◆ **WHAT YOU ARE ASKED TO DO**
Write out the line with "9月13日晚間,新華社發布文" and every later line through the end of the data below, exactly as given, with no pictures in the copy.

◆ **GIVEN DATA**
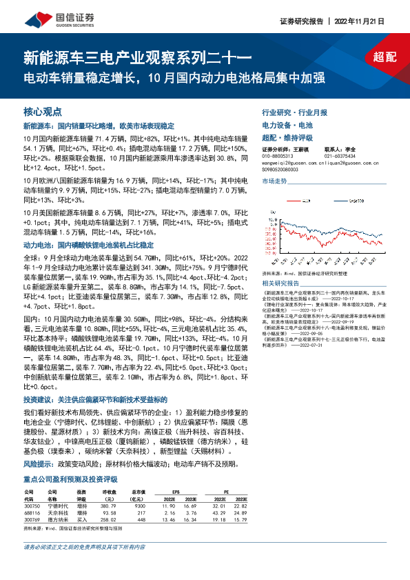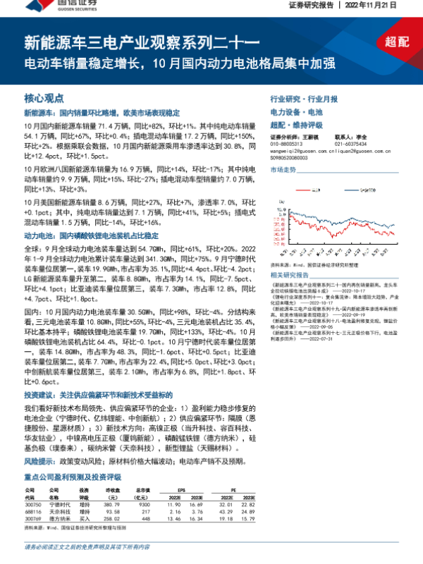 【国信证券】【20221121】电动车销量稳定增长,10月国内动力电池格局集中加强-13页
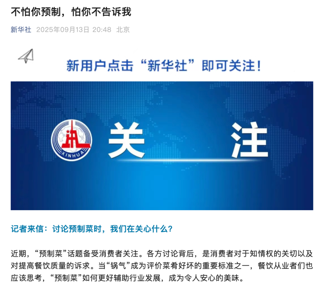 9月13日晚間,新華社發布文章《不怕你預制,怕你不告訴我》。文章認為,各方討論背后,是消費者對于知情權的關切以及對提高餐飲質量的訴求。當“鍋氣”成為評價菜肴好壞的重要標準之一,餐飲從業者們也應該思考,“預制菜”如何更好輔助行業發展,成為令人安心的美味。
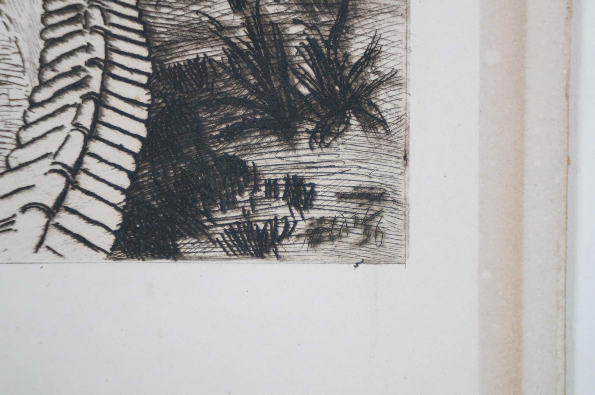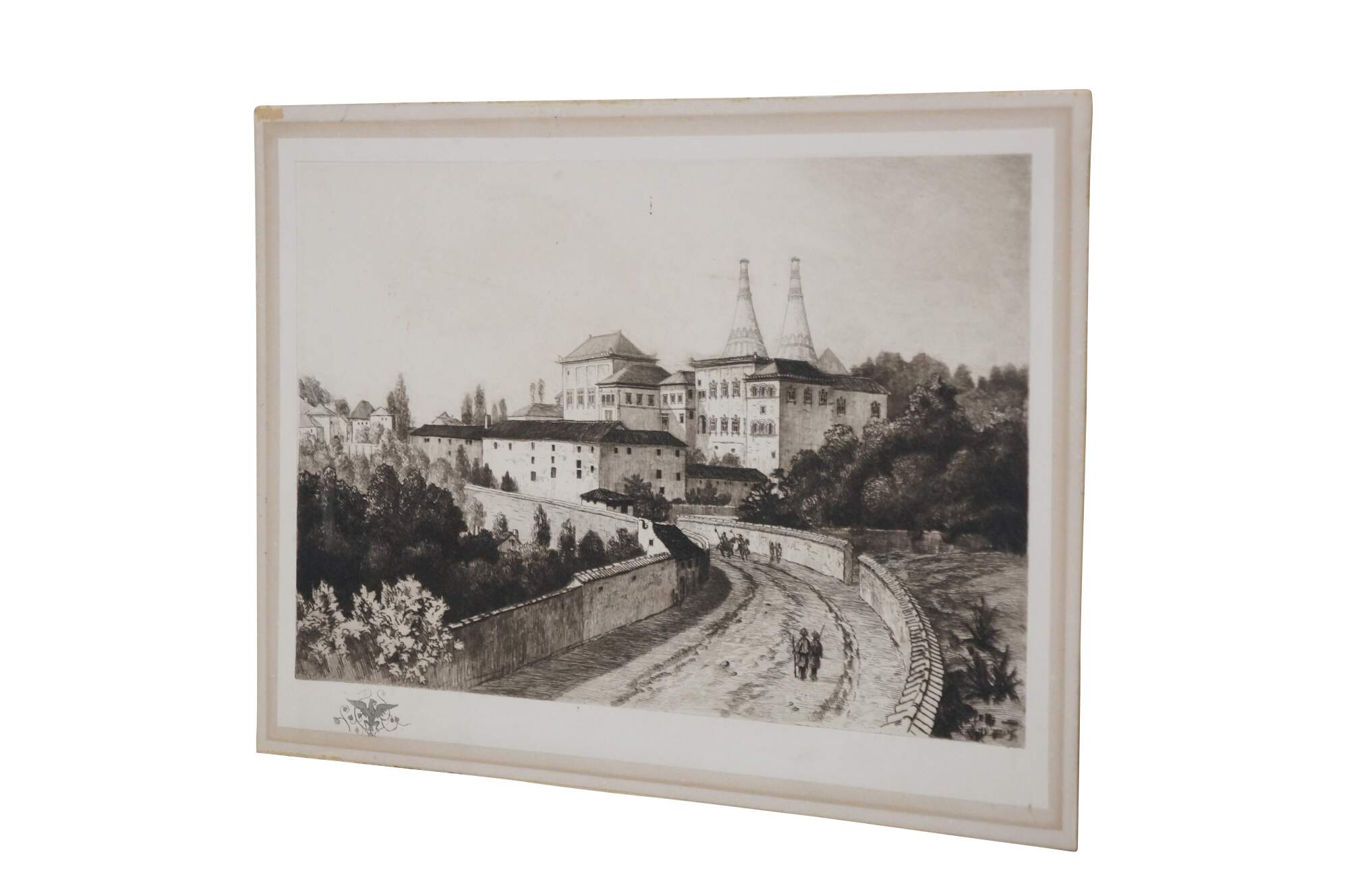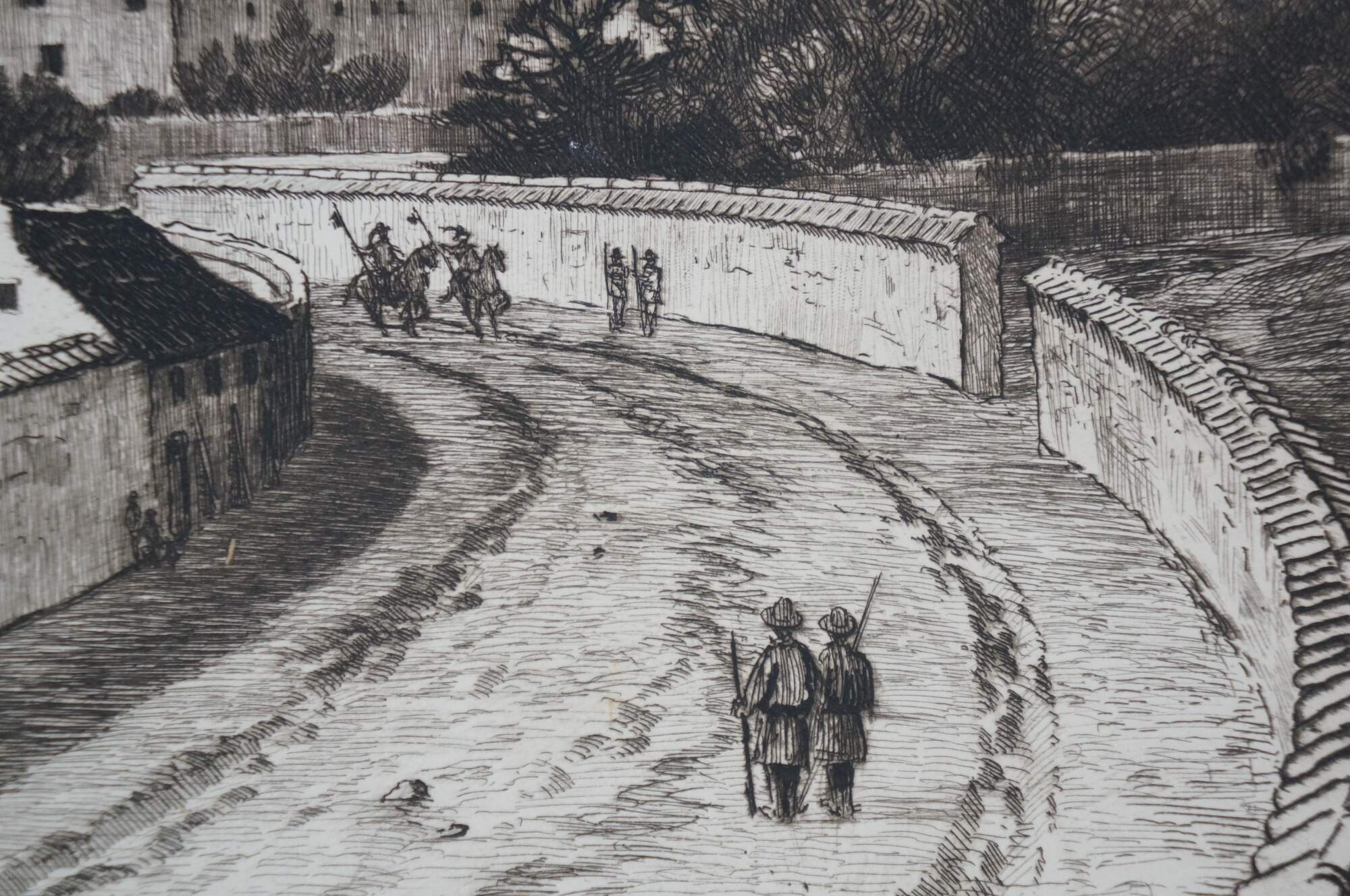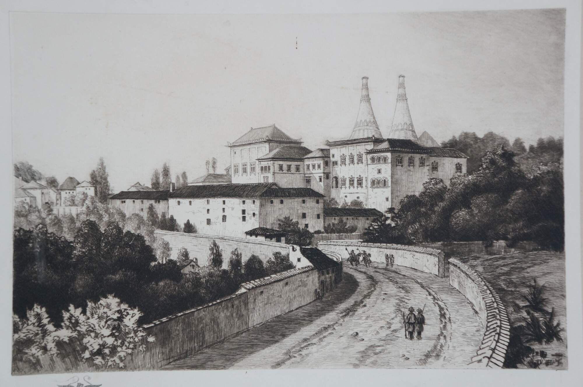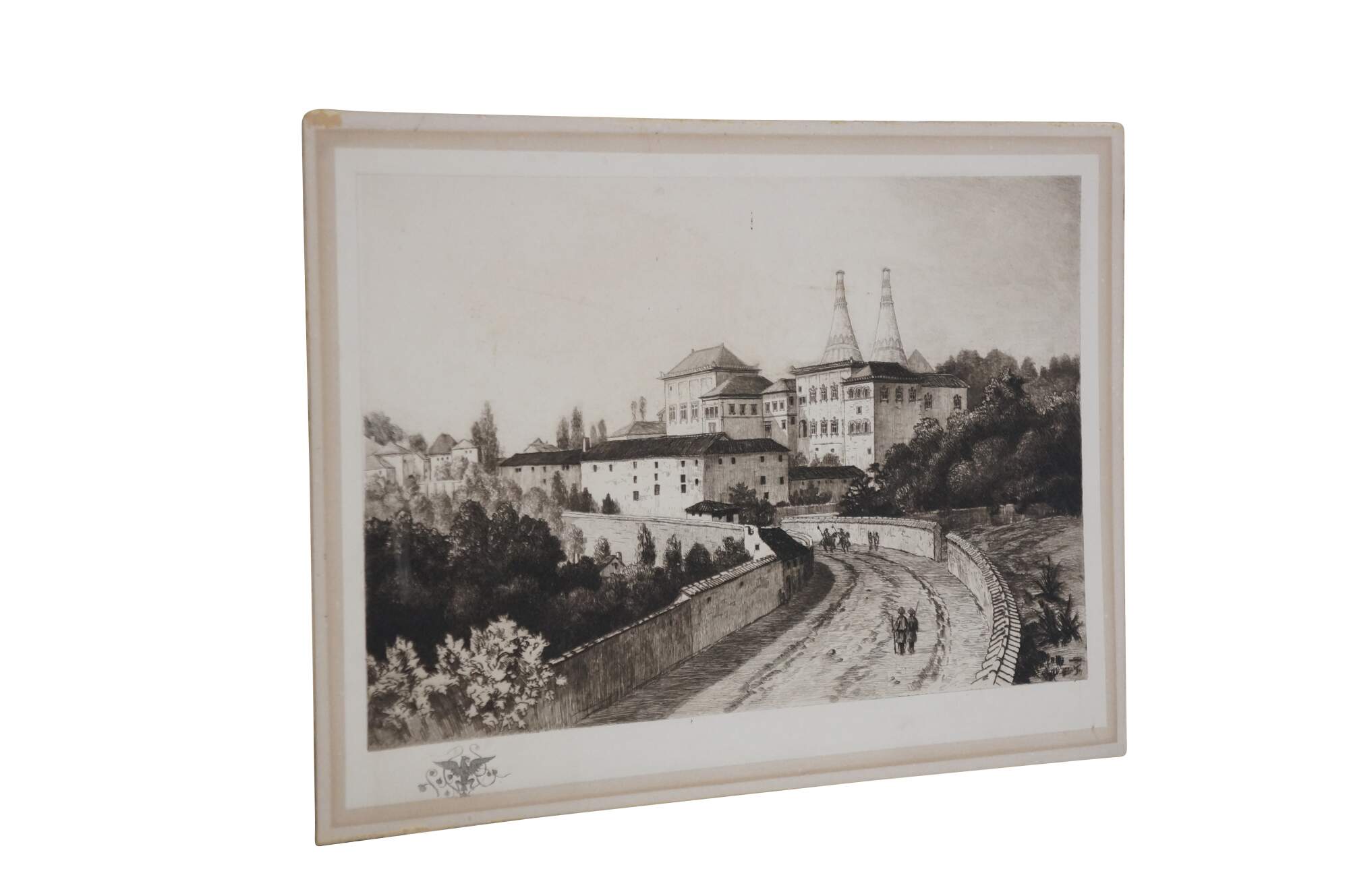 Late 19th century black and white etching titled "On the Bridge" by Charles Frederick Mielatz depicting Portugal's National Palace of Sintra / Cintra. The palace's distinctive white fortress walls and cone shaped towers are view from above the road, crossed with walking and riding soldiers holding large spears. Remarke of coat of arms style eagle, lower edge. Signed in plate/dated 96, lower right. Paper mounted on cardboard; unframed.

◆ **SOLUTION TO THE PROBLEM**
 9月13日晚間,新華社發布文章《不怕你預制,怕你不告訴我》。文章認為,各方討論背后,是消費者對于知情權的關切以及對提高餐飲質量的訴求。當“鍋氣”成為評價菜肴好壞的重要標準之一,餐飲從業者們也應該思考,“預制菜”如何更好輔助行業發展,成為令人安心的美味。
 Late 19th century black and white etching titled "On the Bridge" by Charles Frederick Mielatz depicting Portugal's National Palace of Sintra / Cintra. The palace's distinctive white fortress walls and cone shaped towers are view from above the road, crossed with walking and riding soldiers holding large spears. Remarke of coat of arms style eagle, lower edge. Signed in plate/dated 96, lower right. Paper mounted on cardboard; unframed.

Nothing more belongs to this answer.